Finding the Right Team


I’ve never been very active in social media. Facebook has mostly been an easy way to share pictures of my kids with family and friends back home. I’m not even sure what Twitter is. But a little over a year ago, at one of the lowest points of my life, I found the support that I needed by logging into the internet and blogging every day.

There is endless support on facebook and television for women to relieve stress with a glass of wine or a couple of shots. Drinking has become synonymous with “ me time”. You can’t log into facebook without tripping over an ironic and delightfully funny blurb about the necessity of moms claiming their right to a drink. Mommy needs Vodka, Mommy Juice Wines, and OMG I so need a glass of wine or I’m gonna sell my kids, are all hugely popular face book pages. The “Happy Hour” on television begins on the Today Show at 10:00 Monday morning. Every weekday Kathie Lee and Hoda “celebrate” life with generous glasses of wine. On Friday afternoon Rachel Maddow winds down the news and information week with her Cocktail Moment. From comedies like Cougar Town and Modern Family to dramas like The Good Wife, beautiful, fit, likeable middle aged women are everywhere selling the image of drinking alcohol as an essential part of a life well lived.

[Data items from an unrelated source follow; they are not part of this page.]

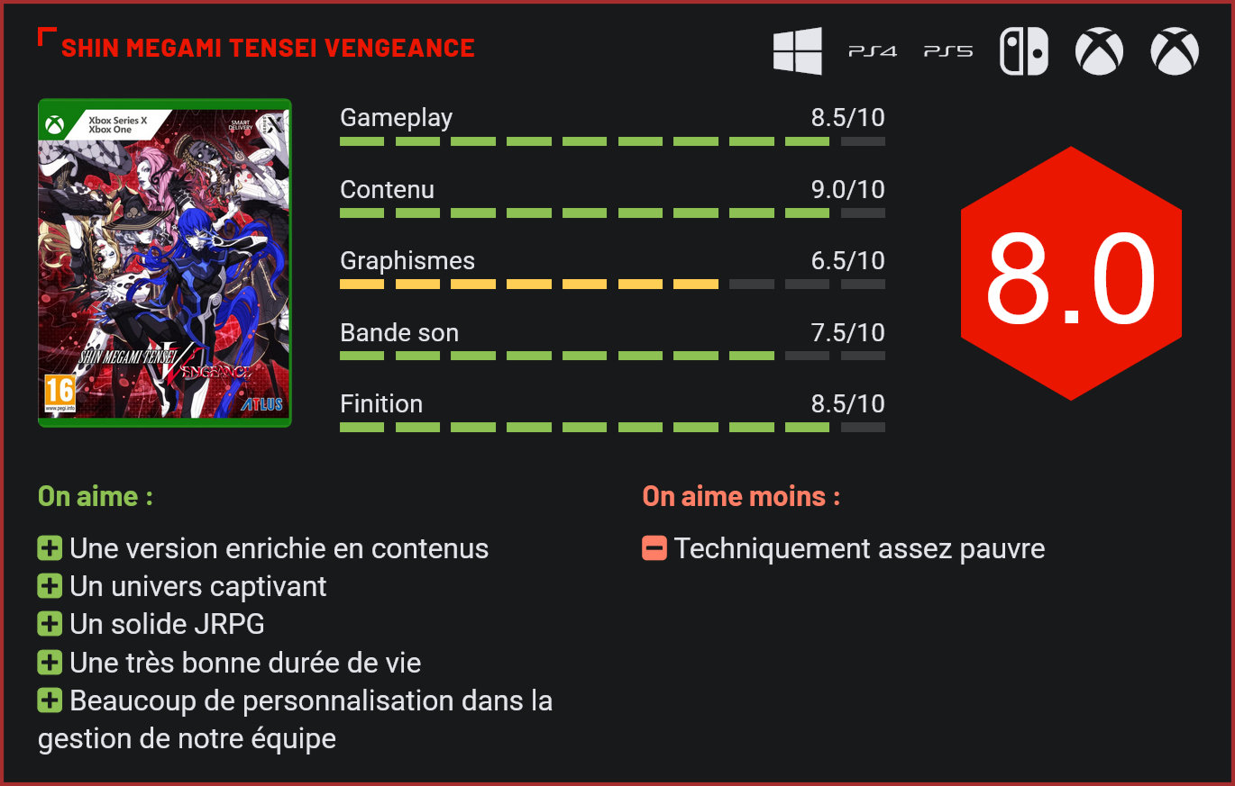Sorti il y a déjà presque 3 ans sur Switch, Shin Megami Tensei V a remporté un joli petit succès sur la console de Nintendo. Assez pour décider Atlus de nous livrer une version upgradée sur PC et consoles de salon. Spin-off de Persona, la série phare d’Atlus, Shin Megami Tensei reste relativement méconnu en Europe. La popularité de Persona pousse toutefois l’éditeur à explorer de nouveaux horizons et à donner une seconde chance à Shin Megami Tensei V, qui était sorti en 2021 sur Switch. Il nous livre aujourd’hui une version “revue et corrigée” de cet excellent RPG. Rassurez-vous, il n’est pas indispensable d’avoir joué à un précédent opus de la franchise pour se lancer dans ce “cinquième opus”. Les différents jeux ne sont en effet pas liés sur le plan narratif et il est possible, comme dans un Final Fantasy, de débuter l’aventure avec n’importe quel épisode. Shin Megami Tensei V se déroule à Tokyo de nos jours, où de mystérieuses disparitions et des meurtres inexpliqués surviennent fréquemment. Le protagoniste, un étudiant, est chargé de mener l’enquête et, alors qu’il suit un de ses camarades dans un tunnel, il s’évanouit à la suite d’un séisme. À son réveil, il se retrouve non plus à Tokyo mais au cœur d’un désert appelé Da’at, le monde des enfers. Subitement attaqué par une multitude de démons, il est secouru de justesse par un être nommé Aogami, qui lui propose de fusionner pour devenir un Nahobino, une entité puissante mi-humaine, mi-divine. Ensemble, ils vont tenter de comprendre leur présence dans ce monde post-apocalyptique, où une guerre sans fin oppose les démons aux anges envoyés par Dieu. Ce nouvel opus s’appuie sur les concepts établis dans les précédents jeux Megami Tensei. Il conserve l’atmosphère apocalyptique propre à la franchise, avec un univers où démons sinistres et anges autoritaires se disputent la domination du monde, cherchant respectivement à instaurer le chaos ou l’ordre pour satisfaire des divinités tyranniques. La série est connue pour incorporer des éléments de science-fiction, et ce cinquième volet ne fait pas exception, mêlant ces éléments à des thèmes résonnant particulièrement avec la société japonaise contemporaine. Le scénario, bien que puissant, ne s’impose pas trop, ce qui est surprenant pour le genre, souvent enclin à se concentrer lourdement sur la narration. Shin Megami Tensei V propose un récit complexe mais rapidement introduit, laissant une grande place au gameplay sans nécessiter plusieurs heures avant de pouvoir véritablement commencer à jouer. Le jeu est un RPG linéaire avec un gameplay au tour par tour fortement axé sur le “dungeon crawling”. La majeure partie du jeu se déroule dans de vastes zones bien conçues, où l’exploration apporte de nombreux avantages. Ces zones sont peuplées d’ennemis, d’objets à découvrir et de personnages offrant des quêtes secondaires. Les sources connectives, des points de sauvegarde, offrent un moment de répit en permettant également l’accès à un magasin et au Monde des Ombres, dont nous reparlerons plus bas. Les combats se déroulent au tour par tour, où nous contrôlons jusqu’à quatre personnages qui enchaînent leurs attaques. Le système est assez classique, reprenant les bases des jeux précédents de la série. Notamment, le système de tours permet de gagner une action supplémentaire lorsqu’on inflige un coup critique ou qu’on exploite les faiblesses élémentaires des ennemis. Les combats reposent beaucoup sur les éléments magiques (feu, glace, lumière, ténèbres, etc.), ce qui nécessite de composer une équipe équilibrée. Shin Megami Tensei V ne propose pas de groupe de personnages principaux comme c’est souvent le cas dans le genre. Le protagoniste est l’élément central de l’équipe, les autres membres étant des démons qu’il faut recruter en leur parlant et en négociant pendant les combats. Ces négociations ajoutent une touche d’humour, chaque type de créature ayant plusieurs dialogues, et il faut deviner quels choix leur plairont pour qu’ils nous rejoignent, ou simplement céder à leurs caprices en leur offrant de l’argent et des objets. À la manière de Pokemon, chaque créature a ses propres forces, faiblesses et compétences. Le Monde des Ombres offre encore plus de possibilités de personnalisation. Il permet de fusionner nos démons pour en obtenir de nouveaux, un système qui nous permet de gagner en puissance tout en découvrant de nouvelles créatures parmi les 200 disponibles dans le jeu. Le protagoniste peut également apprendre des effets passifs en échange de points de gloire, des points de compétence obtenus en trouvant des objets cachés dans les zones. Il est ensuite possible d’utiliser des essences de monstres pour acquérir leurs capacités. Le Nahobino et ses créatures disposent d’un nombre limité d’emplacements pour y placer des compétences telles que des attaques spéciales, des sorts magiques ou d’autres effets passifs, permettant ainsi de personnaliser notre approche des combats. Le protagoniste est le seul à pouvoir hériter des faiblesses et résistances élémentaires des essences, un aspect crucial à considérer pour ne pas être anéanti par les boss. En effet, la série Megami Tensei est réputée pour sa difficulté, et ce cinquième épisode ne fait pas exception. Si les actions supplémentaires peuvent rendre certains combats plus faciles, les ennemis peuvent aussi exploiter ce système. Une offensive d’ennemis avec un avantage d’affinité sur notre équipe peut rapidement devenir fatale, laissant toujours la possibilité d’un retournement de situation. Si le protagoniste meurt, c’est un Game Over direct et retour à l’écran titre. De plus, le jeu n’utilise que des sauvegardes manuelles, sans sauvegarde automatique. Avec un équilibrage rendant la progression d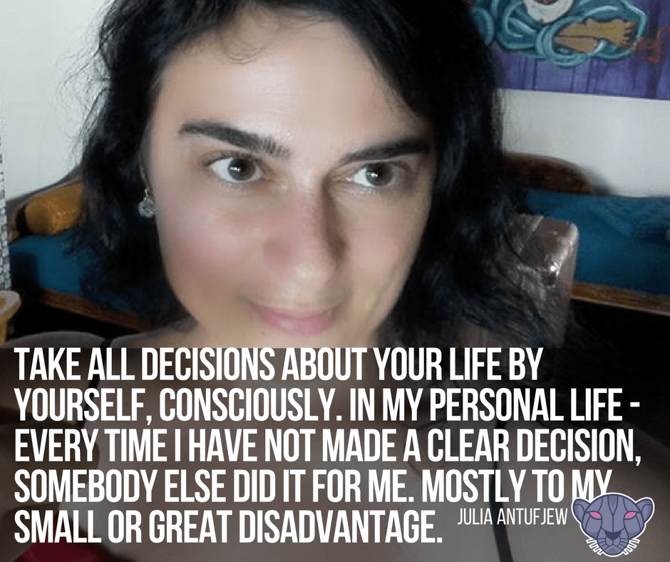 Take all decisions about your life by yourself, consciously. In my personal life – every time I have not made a clear decision, somebody else did it for me. Mostly to my small or great disadvantage.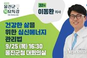 뉴스펀치 김종율 기자 | 울진군은 오는 9월 25일 오후 4시 30분 울진군청 대회의실에서‘교육하는 의사’이동환 의사를 초청해‘건강한 삶을 위한 심신에너지 관리법’을 주제로 제32회 목요특강을 개최한다. 이동환 의사는 직무스트레스연구소 원장이자 유튜브 구독자 110만 명을 보유한 건강 전문 크리에이터로, 다수의 방송과 저서를 통해 대중에게 쉽고 실천 가능한 건강 관리법을 전해왔다. 이번 특강은 일상에서 바로 실천할 수 있는 건강 관리 방법을 다루며, 특히 현대인이 겪는 만성피로와 스트레스 해소를 위한 구체적 대안을 제시해 군민들에게 실질적인 도움이 될 것으로 기대된다. 손병복 울진군수는 특강에 앞서“바쁜 일상 속에서도 몸과 마음의 균형을 지키는 것이 무엇보다 중요하다”며“이번 특강을 통해 군민들께서 건강을 관리하는 새로운 지혜를 얻고, 더 행복하고 활력 있는 생활을 이어가시길 바란다”라고 말했다. 한편, 제33회 목요특강은 오는 10월 16일(목) 오후 5시, 울진문화예술회관에서 개최할 예정이며, 방송인 서경석을 초청해‘작은 변화가 미래를 바꾼다’를 주제로 강연이 진행될 예정이다.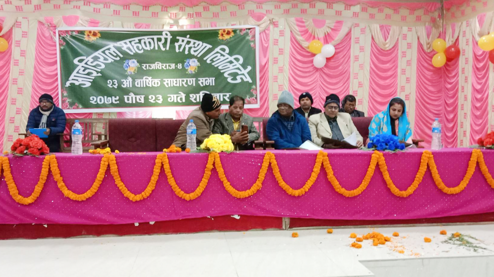 बृजमान तामाङ – राजबिराज, २३ पुस । आईडियल सहकारी संस्था लिमिटेड राजबिराज–४ को २३ औं वार्षिक साधारण सभा सम्पन्न भएको छ । संस्थाका अध्यक्ष गणेश कुमार आशको अध्यक्षतामा शनिवार आयोजित एक समारोहका विच बार्षिक साधारणसभा सम्पन्न भएको हो । राजबिराज स्थित जिल्ला समवन्य समितिको सभा हलमा आयोजित...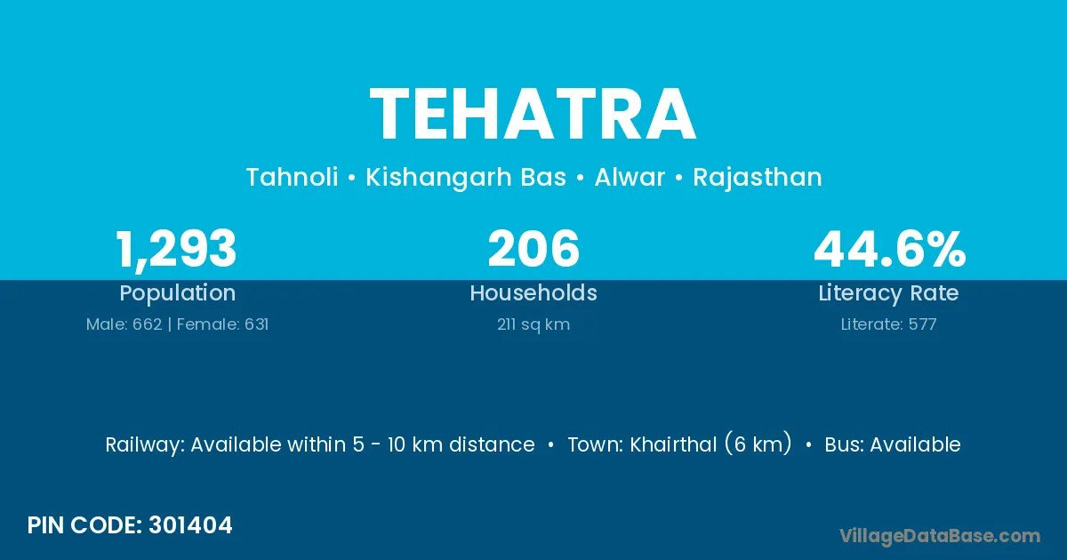 Khairthal (6 km) is the nearest town to Tehatra village for major economic activities and is located approximately 6 km away.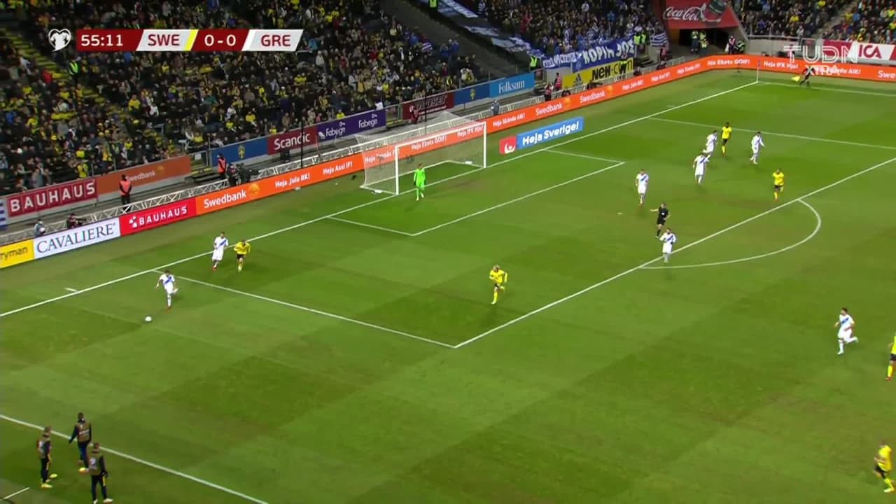 Tiro atajado por abajo a la izquierda. Robin Quaison (Suecia) Disparo con la derecha desde el centro del área.
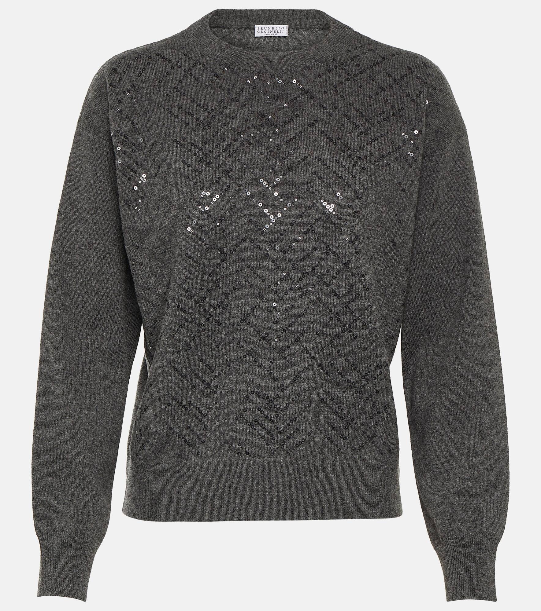 Virgin wool, cashmere and silk sweater with dazzling embroidery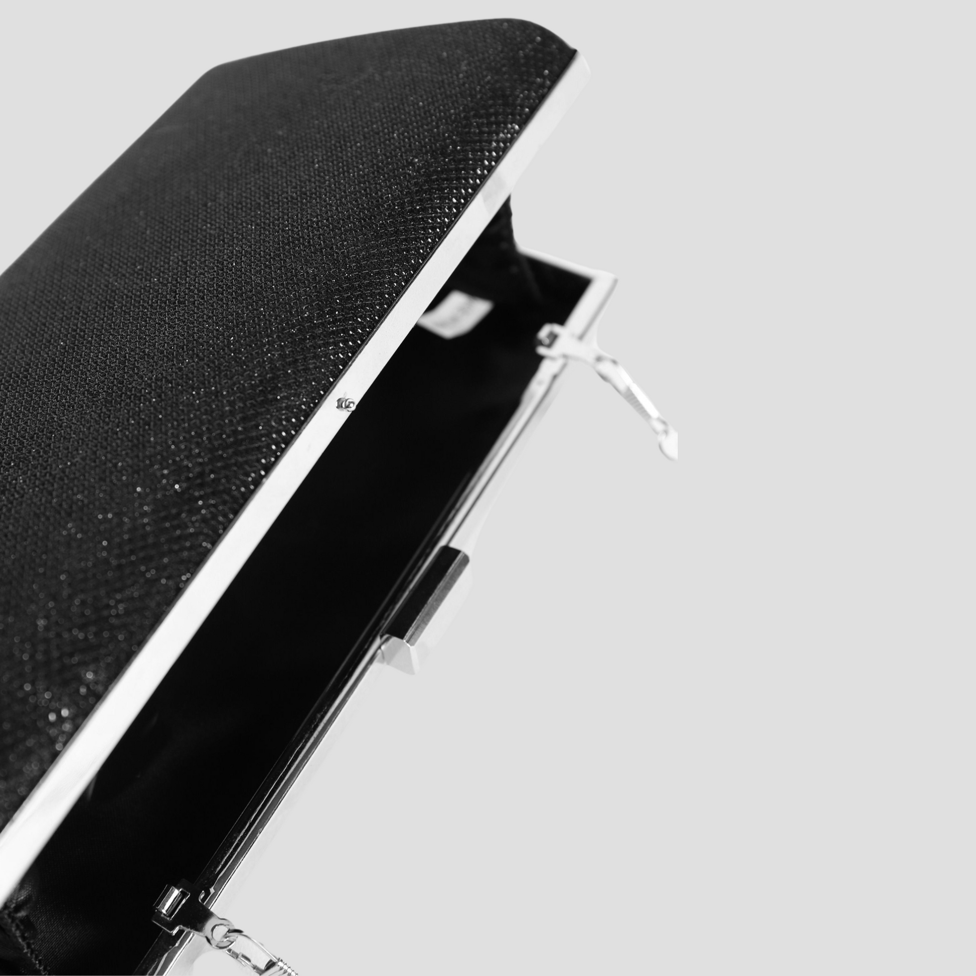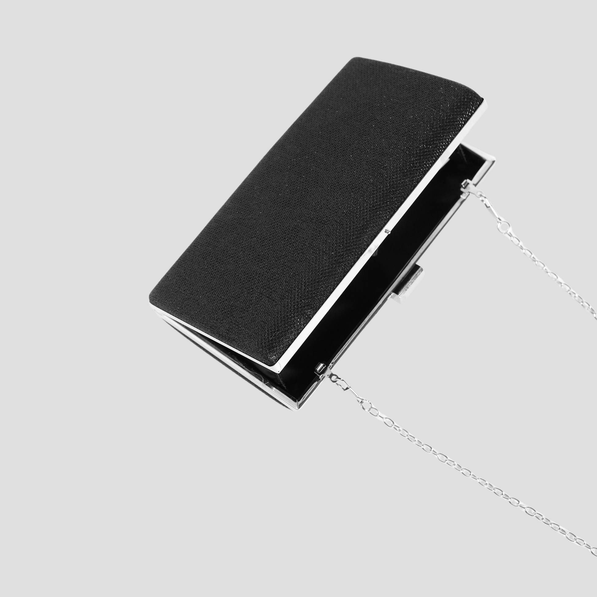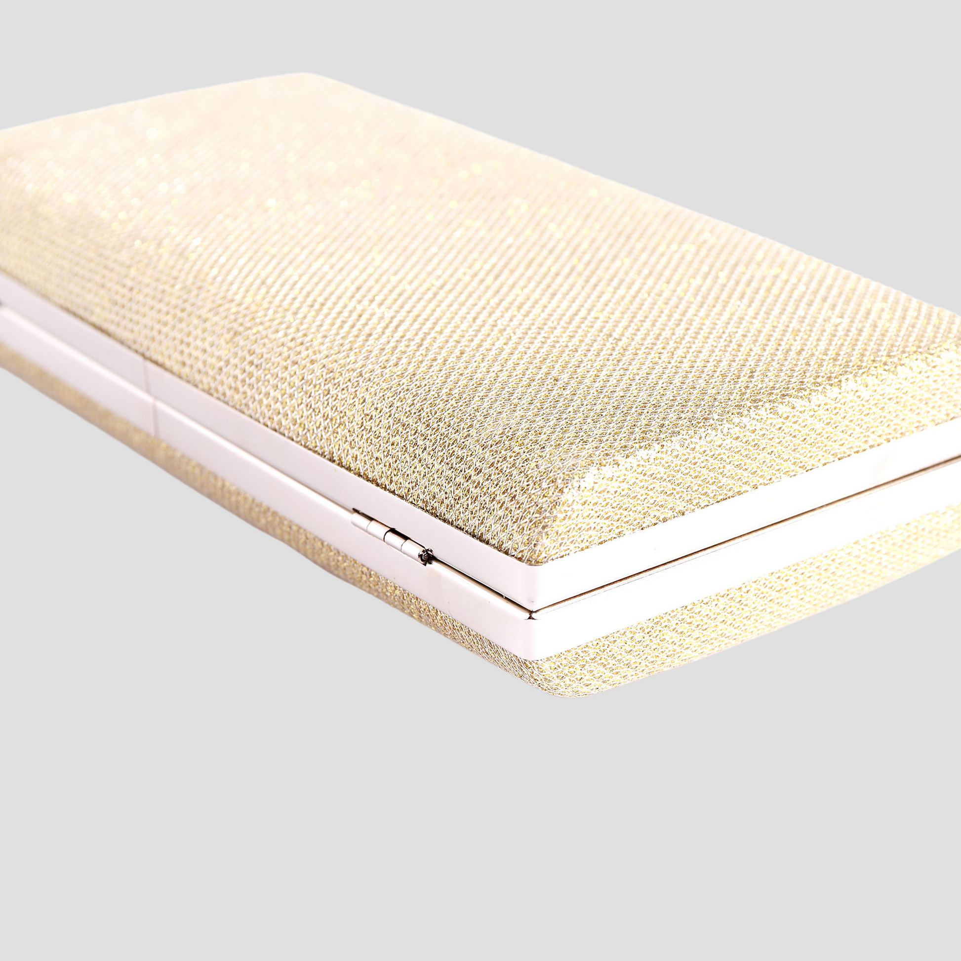 Một chiếc clutch cầm tay chắc chắn sẽ là phụ kiện không thể thiếu khi sánh đôi cùng nàng trong các bữa tiệc. Clutch có thiết kế form hộp chữ nhật kết hợp bên ngoài là lớp vải kim tuyến đơn giản mà vẫn tinh tế. Ngoài ra còn đi kèm dây xích tháo rời để xách tay tuỳ ý. Dễ dàng phối hợp với mọi trang phục từ nhẹ nhàng đến thanh lịch, giúp nàng nổi bật và ghi lại dấu ấn khó phai trong lòng người đối diện.

Happy sober mom that has found a community

About eight years ago I started to worry that I was slipping over the line from enthusiastic nightly drinker to addiction. But I found support everywhere I turned to see my habitual drinking as the new norm. When Ellen DeGeneres demonstrated that one of her holiday gift picks for 2012, the XL wine glass actually did hold an entire bottle of Merlot, her audience laughed with warmth and knowing enthusiasm and I breathed a sigh of relief. Every time Claire’s kids on Modern Family joked about her maybe being an alcoholic as she poured a glass of wine while making dinner, I felt like maybe I was being a bit overly dramatic. As I understood it alcoholism was a debilitating disease that I knew the fictional moms on my favorite shows didn’t have and neither did I. Alcoholism leads to dysfunctional families and while my little family had it’s quirks we were definitely not dysfunctional. I liked to drink like a lot of other women and like them I had everything under control.

Until I didn’t.

Inspiration to find a sober community

As my life kept steam rolling through middle age and I juggled work, parenting and family my drinking steadily increased. No matter how hard I tried to control it I couldn’t and although I had been sober through two pregnancies and could stop for a week or two here and there I couidn’t stay stopped. I was fit and successful like all of the middle aged role models in the media who tout the joys of drinking. I put a lot of energy into “purging” the alcohol with exercise and great nutrition. I would wake up suddenly at three in the morning with a dry mouth and a sense of regret and immediately drink a litre of water. My early morning workout routine had become a necessary penance for the indulgence of the night before and by the time I clocked in at work most traces of my hang over were gone. But when I finally stopped I was drinking a bottle and a half of wine at least 5 nights a week and keeping things under control was becoming an increasingly exhausting up hill battle.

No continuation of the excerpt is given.